Land uses and infrastructure projects related to renewable energy frequently result in environmental conflict; there are several hundred conflicts listed on the EJAtlas related to renewable energy infrastructure. For example, hydroelectric dams are integral to many experts' plans for climate change mitigation, but they displace large numbers of people and are the most frequent causes of conflicts in the renewable energy sector. Siting of utility scale wind and solar projects also have environmental justice implications, as do resource extraction for copper, lithium, and other critical minerals required for renewable energy infrastructure.

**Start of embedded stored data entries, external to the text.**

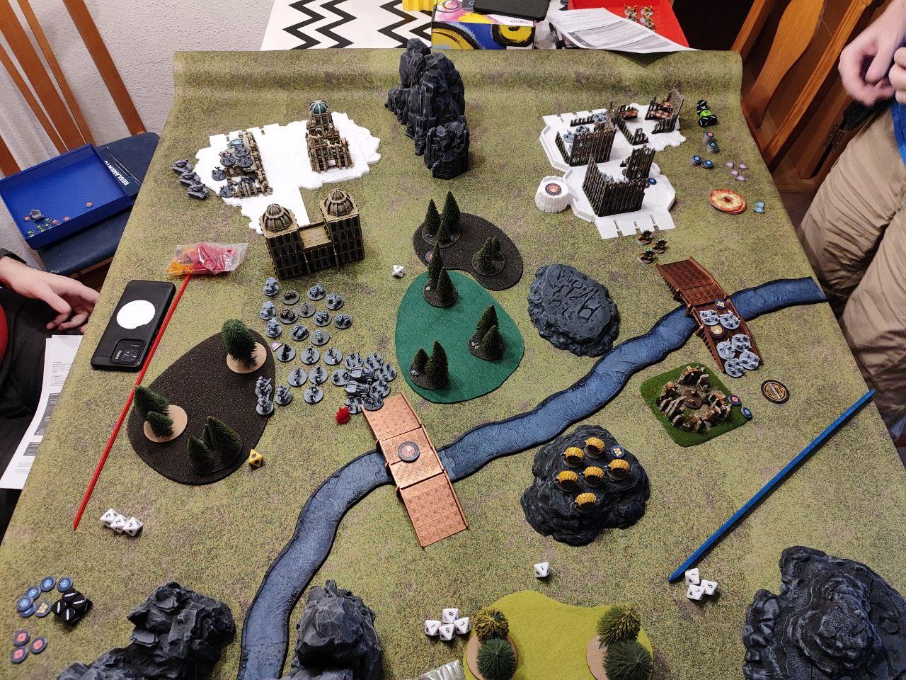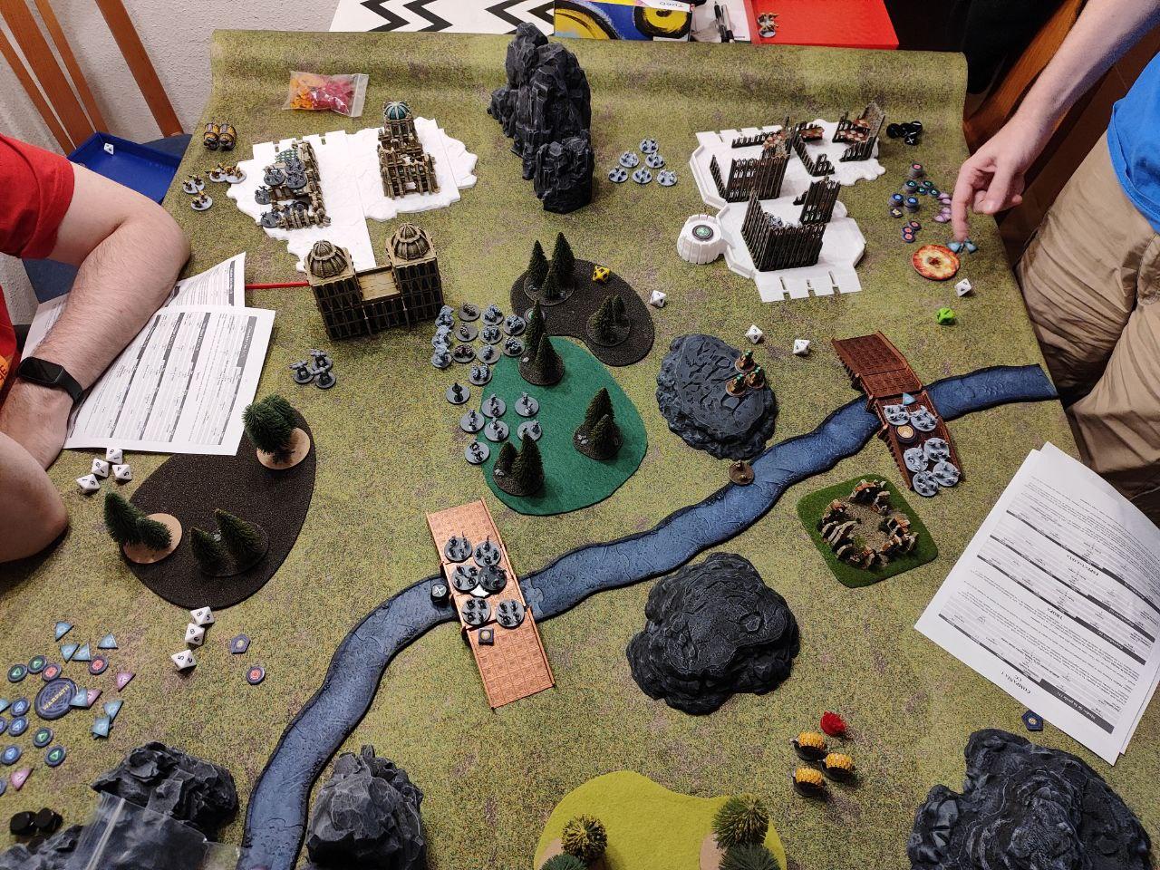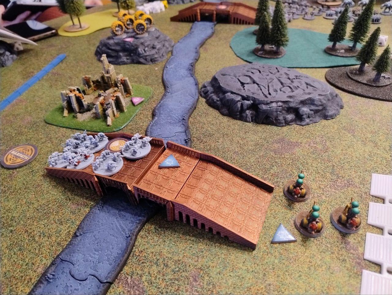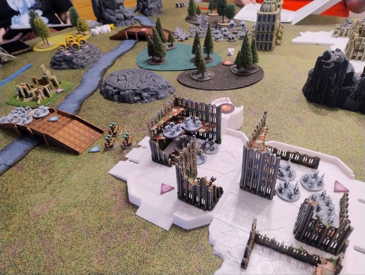 - Objectives: Placed by the players. Three dynamic objectives on the table and two static objectives, one on each player deployment zone (On the above map, the players put the static objectives one the northern ruins and on the southern bridge, while the three dynamic ones were places on the northern bridge, the middle forest and the top edge of the southern ruins. All three dynamic objectives started disabled (we rolled for each, I didn't find anything about it on the rules).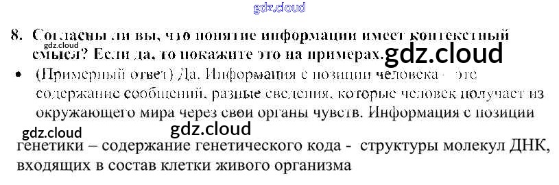 Ответы к §1. Понятие информации по Информатике 10 класс Учебник Семакин Базовый уровень Бином
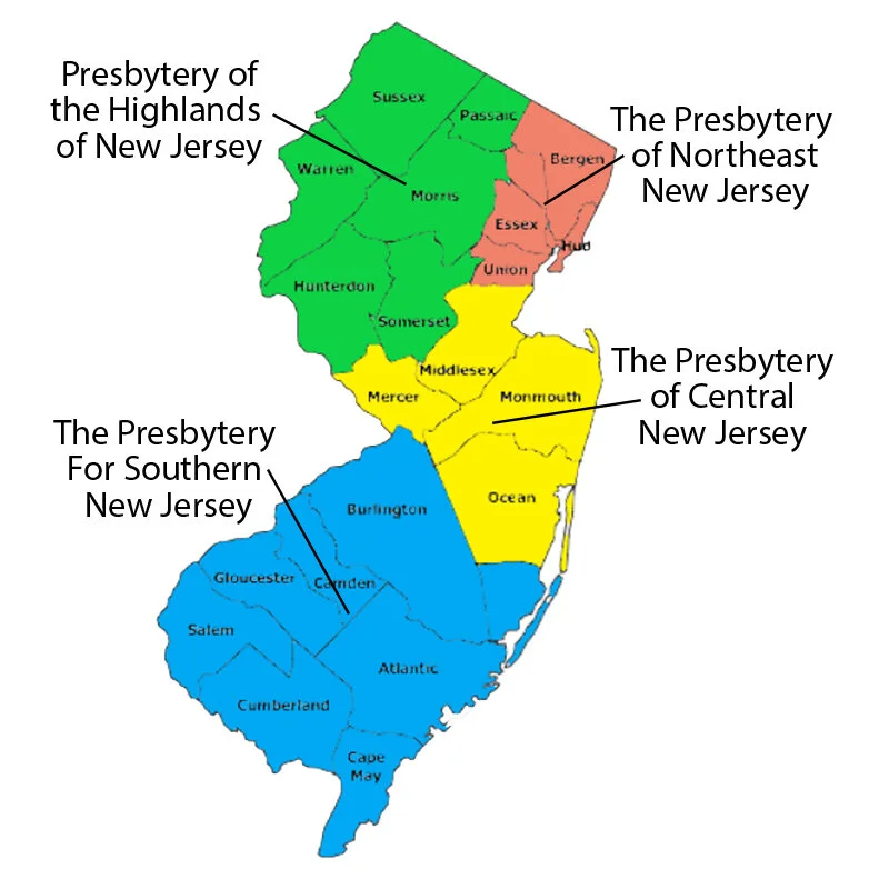 On March 1st the General Assembly Administrative Commission on Mid Councils approved the reorganization of the seven New Jersey Presbyteries into four new missional communities. This action was no simple merger of whole presbyteries. Instead, it was a carefully crafted plan created by two separate working groups of representatives across the state working in tandem with their presbyteries. Last fall all seven presbyteries voted to approve the plan which brought together churches from as many as four presbyteries to create brand new communities. Since the vote transition teams were formed with people from what would become the new presbyteries to begin to put together their new ways of being missional and operating. This has been a chance to reimagine what it means to live together in community in service to God. While each presbytery will take a different shape based on the goals and dreams of the presbytery members, there will be a concerted effort made to share resources and services across presbyteries or across the state wherever possible.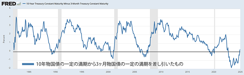確かに、利回り曲線のすべてが逆転しているわけではいません。まだマイナス領域にあるものの、ゆっくりとプラスのスプレッドに向かっている小さな部分が1つあります。それは10年物と3か月物の米国債の利回りです。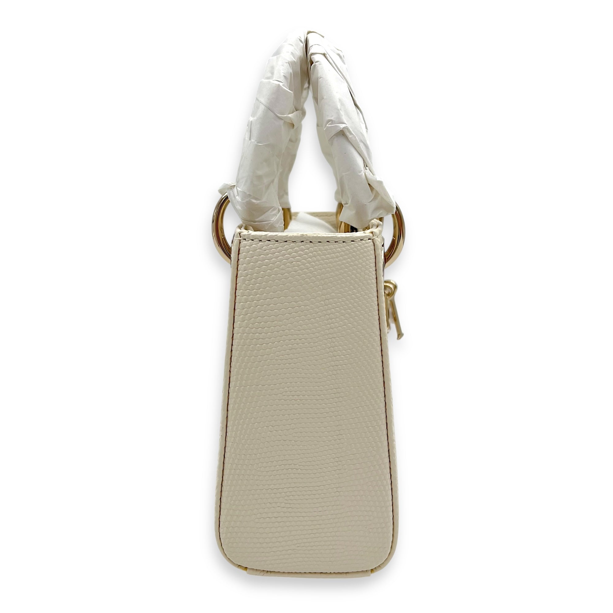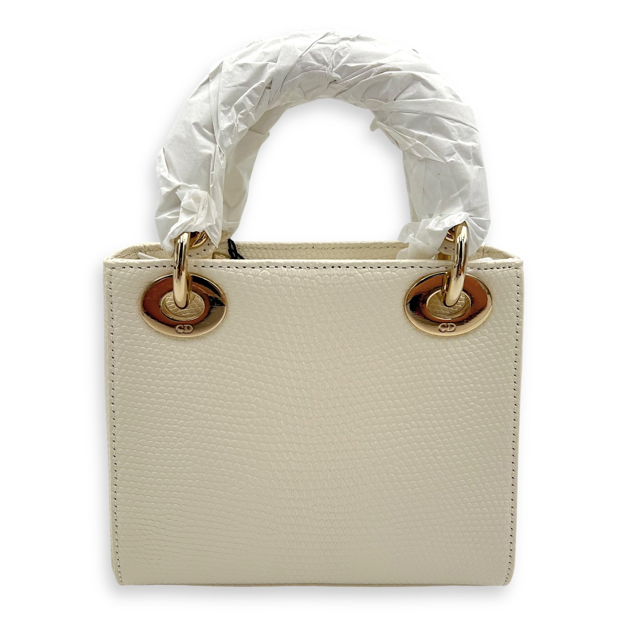 Lady Dior Top Handle Bag Mini White in Lizard, Gold hardware

Thacker Pass lithium mine in the USA is an example of a conflict in the renewable energy sector where environmental defenders oppose an open-pit mine that other environmentalists believe necessary to supply lithium for electric car batteries to support a proposed climate change mitigation strategy.

=== Colonialism ===
Association with the legal framework of universal human rights has led to criticism of the environmental defender concept as a colonial label imposed upon communities who do not identify with the concept or the Western enlightenment ideology that produced the human rights framework. Colville scholar Dina Gilio-Whitaker points out that emphasis on the right to a healthy environment and environmental justice may presume a capitalistic commodification of land that is inconsistent with Indigenous worldviews. UN special rapporteur John Knox has suggested that adoption of the right to a healthy environment has been led by countries in the Global South and may contribute to the decolonisation of human rights law.